Une branche gémit et se dérobe; Yann s'est élancé dans la nuit sans distance. Sans bruit sous lui ses jambes glissent, attachées au corps d'un autre. Des fantômes épousent les formes complaisantes de l'ombre et se groupent pour l'attendre au tournant des sentiers. Un bosquet de houx veut le retenir et le menace.

Au devant de l'enfant se hâte la morte; elle a gardé ses yeux de toujours, les yeux de toutes ses souffrances, les yeux de toute sa patience; en eux est demeuré cloué le regard que depuis longtemps ils ne pouvaient choisir. Droite et sèche, leur lueur de paille s'avance.
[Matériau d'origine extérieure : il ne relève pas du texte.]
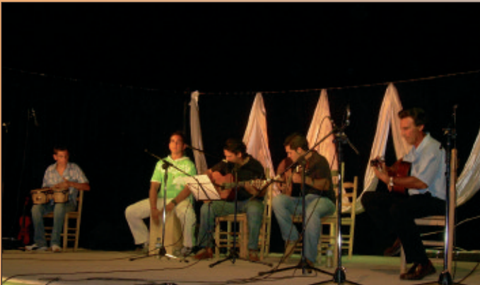
Homenaje a la guitarra.
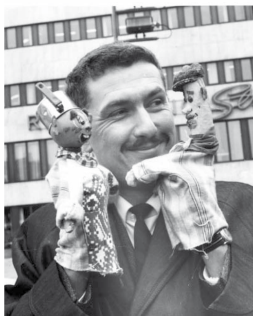
Kasperdockor. Barnprogrammet Jalle, Julle och Hjulius började egentligen som ett program om hur man tillverkade kasperdockor.

”Den första serien var om trädgårdar och trädgårdsskötsel med Sven Green. Det blev också en långkörare.”
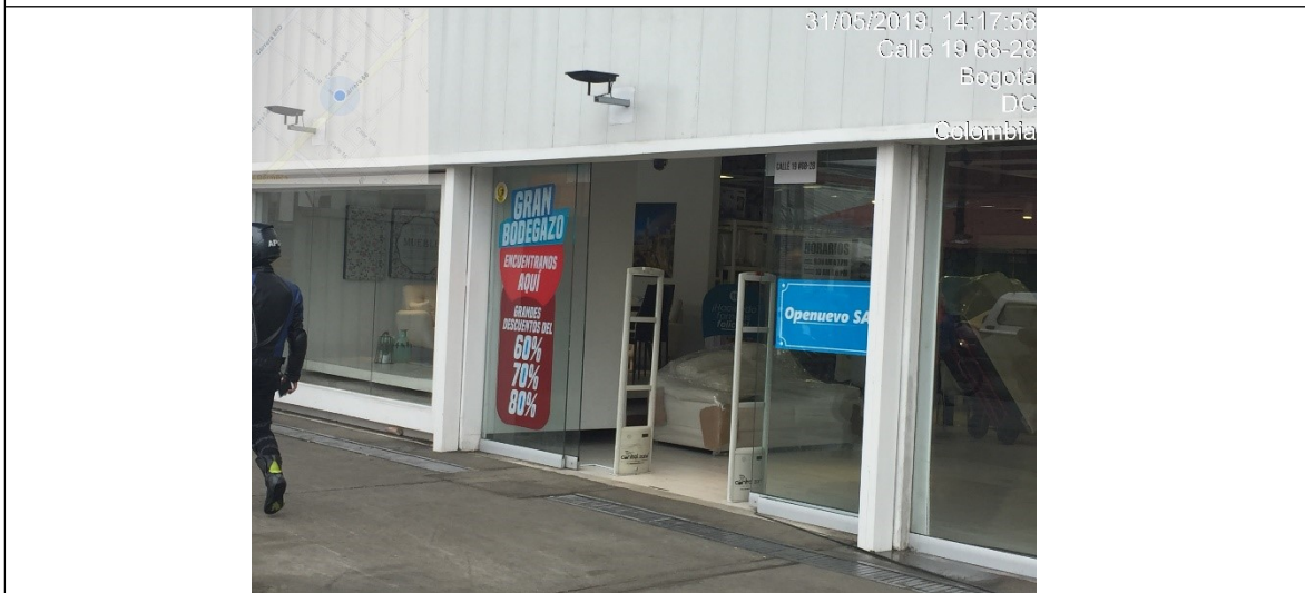
Fotografía panorámica de la fachada 1 del establecimiento de comercio PUNTO DE VENTA 1, cuenta con avisos pintados o incorporados en cualquier forma a las ventanas o puertas de la edificación.
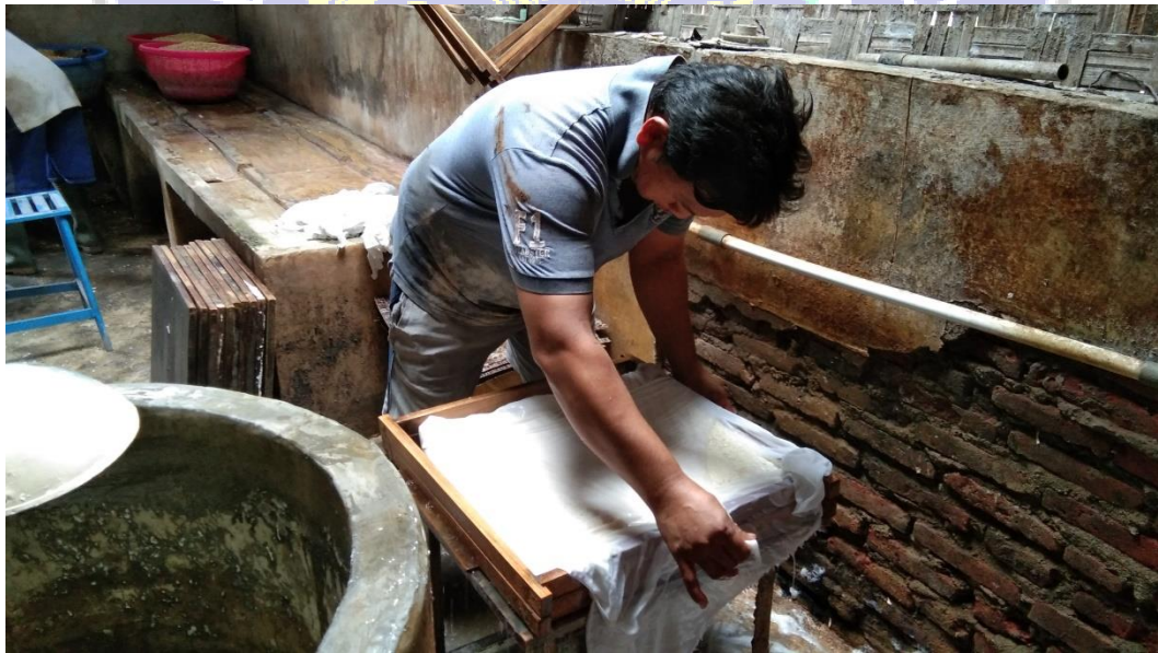
Gambar 3.1 Proses pencetakan Tahu

Yann foule plus intensément l'obscurité rapide. La morte s'installe en lui, lui remplit l'âme de son absence tyrannique; elle ouvre dans les yeux de son enfant ses yeux usés par soixante ans de lumière; derrière eux, d'autres yeux s'ouvrent au loin, par milliers, des yeux d'ancêtres, sans éclat et sans amour. Toute la nuit se peuple de ces regards obscurs.

Écho, tais-toi ! Ne répète pas ce sanglot qui suffit à dessécher une vie !

Silence autour du pauvre enfant qui passe environné de siècles, las et courbé sous les luttes, les misères et les défaites que sa mère lui transmet dans l'ombre. Est-il bien sûr qu'il vit encore ? Ce souffle frêle et haletant qui s'attarde derrière ses épaules, n'est-ce pas son existence défaite et sucée aussitôt par la nuit ? Si la morte l'abandonnait, que deviendrait-il l'instant d'après, livré à ses seuls regards ? Il n'y a d'étoiles que pour les Rois Mages; mais nous tous nous suivons les yeux de quelque mort. Place au doux enfant que la morte conduit !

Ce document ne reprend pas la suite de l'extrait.